The government is in no mood to buy the privacy and security argument pitched by WhatsApp, whereas the American firm says traceability will undermine end-to-end encryption and the private nature of the app, creating potential for serious abuse.

Kiran Rathee and Karan Choudhury report.

With the privacy argument falling flat in the wake of extreme pressure from the government, which is firm with its demands to trace source of fake news, WhatsApp is working out solutions to stop the flow of such messages on its platform.

Facebook's chat app, with over a billion users globally, is training people to spot fake messages and running advertisement campaigns, creating awareness about the effects of misinformation.

 

For the past few months, WhatsApp has been at loggerheads with the government, which has time and again alleged the app was being used to spread misinformation, causing law and order problems.

To fulfil the government's demands, WhatsApp has partnered Digital Empowerment Foundation to create awareness about the need to verify information.

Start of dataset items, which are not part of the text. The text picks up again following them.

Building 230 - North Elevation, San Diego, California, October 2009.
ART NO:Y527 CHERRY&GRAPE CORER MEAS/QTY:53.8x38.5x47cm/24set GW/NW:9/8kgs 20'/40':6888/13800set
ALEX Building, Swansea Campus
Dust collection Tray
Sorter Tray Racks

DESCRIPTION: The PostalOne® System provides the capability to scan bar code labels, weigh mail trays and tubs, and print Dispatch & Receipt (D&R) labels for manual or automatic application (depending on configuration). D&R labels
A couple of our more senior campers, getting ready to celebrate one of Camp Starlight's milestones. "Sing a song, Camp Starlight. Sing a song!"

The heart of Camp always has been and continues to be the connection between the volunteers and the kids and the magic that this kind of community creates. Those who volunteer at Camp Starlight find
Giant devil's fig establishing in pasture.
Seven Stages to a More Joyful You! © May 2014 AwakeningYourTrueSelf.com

In the run-up to the assembly and general elections, the DEF will hold as many as 40 training sessions for community leaders such as government officials, administration representatives and civil society organisations in 10 states where there have been cases of violence, triggered by messages on WhatsApp.

In addition, the DEF will train over 30,000 of their own grassroots level members in seven of the 10 states.

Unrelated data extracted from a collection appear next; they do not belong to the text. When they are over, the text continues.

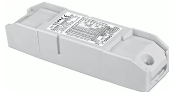
Continuous current power supply, 0/1-10V dimmable, 220/240V – 50/60Hz, 36W – 700 mA 60.9439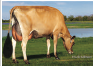
RATLIFF COLTON DIZA-ET Full Sister to the Grandam of Lot 63

NEXT SIX DAMS ARE EITHER VERY GOOD OR EXCELLENT.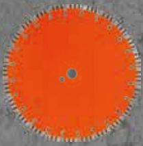
Ø 405 Diamond Saw Blade(Ø25,4) 305-00036-000-063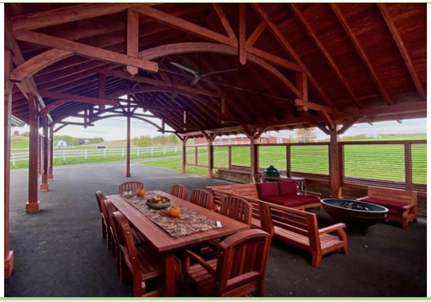
Here is how the Cherry Stain looks like on Redwood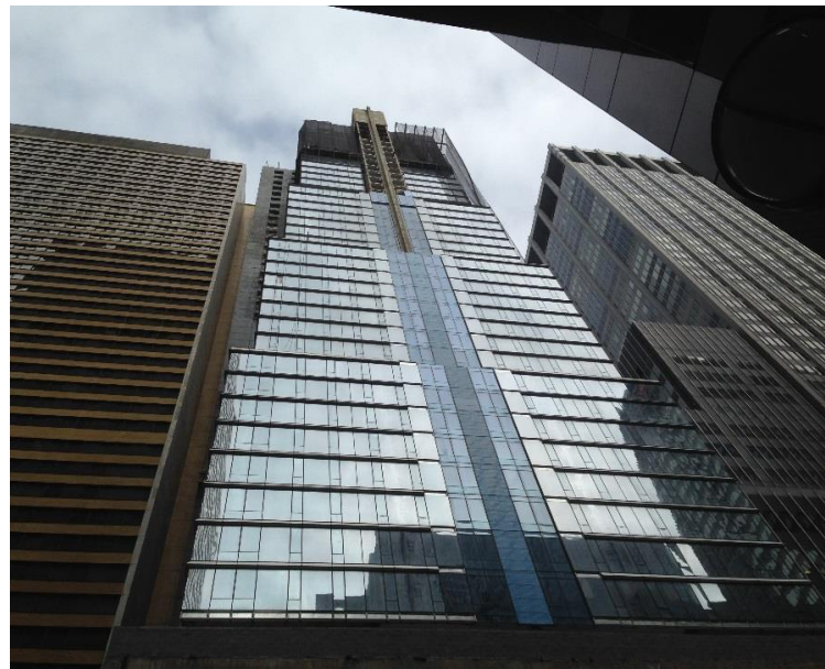
Removing the vertical neting on the South/ West elevation.

"Our goal is to help keep people safe by creating greater awareness about fake news and empowering users to help limit its spread," says Ben Supple, public policy manager at WhatsApp.

The app initiated a radio campaign this week to create awareness about misinformation circulated via the platform.

Sources say the stand-off between WhatsApp and the government will not end soon.

The government is in no mood to buy the privacy and security argument pitched by WhatsApp, whereas the American firm says traceability will undermine end-to-end encryption and the private nature of the app, creating potential for serious abuse.

The company reiterated its position after the meeting between Information Technology Minister Ravi Shankar Prasad and WhatsApp Chief Executive Officer Chris Daniels.

Officials in the IT ministry, however, say WhatsApp needs to agree to the demands or face a ban in the country, where it serves over 200 million users.

"A ban will be the last resort if the chat messenger and other platforms like Telegram are stubborn. We are not ruling out that option. But it will be like capital punishment, which we don't intend to take," a senior official in the IT ministry said.

Over the past few years, countries like the United States, the United Kingdom, and Australia have called for data from WhatsApp for cases related to national security and terrorism.

Last year, the UK asked WhatsApp to come out with a technical solution to enable intelligence agencies to access its end-to-end encrypted messages.

The firm’s payments platform, WhatsApp Pay, has also been at loggerheads with fintech experts, who allege it is flouting the National Payments Corporation of India guidelines.

It is ready to set up base in India and is finalising on a chief of operations and its headquarters, one of the major demands of the government for firms planning to run fintech operations here.

The company is, however, keeping quiet on the Reserve Bank of India's orders to store financial data onshore in local data centres.

It is also planning to set up a 100-150 member team and is in the final stages of selecting a head of operations for the chat messenger.

At present, WhatsApp runs all its operations from its base in Singapore.

"To support our users in India and to continue our investment in the country, it's our top priority to hire a local leader, who can help us build a team on the ground," a WhatsApp spokesperson said.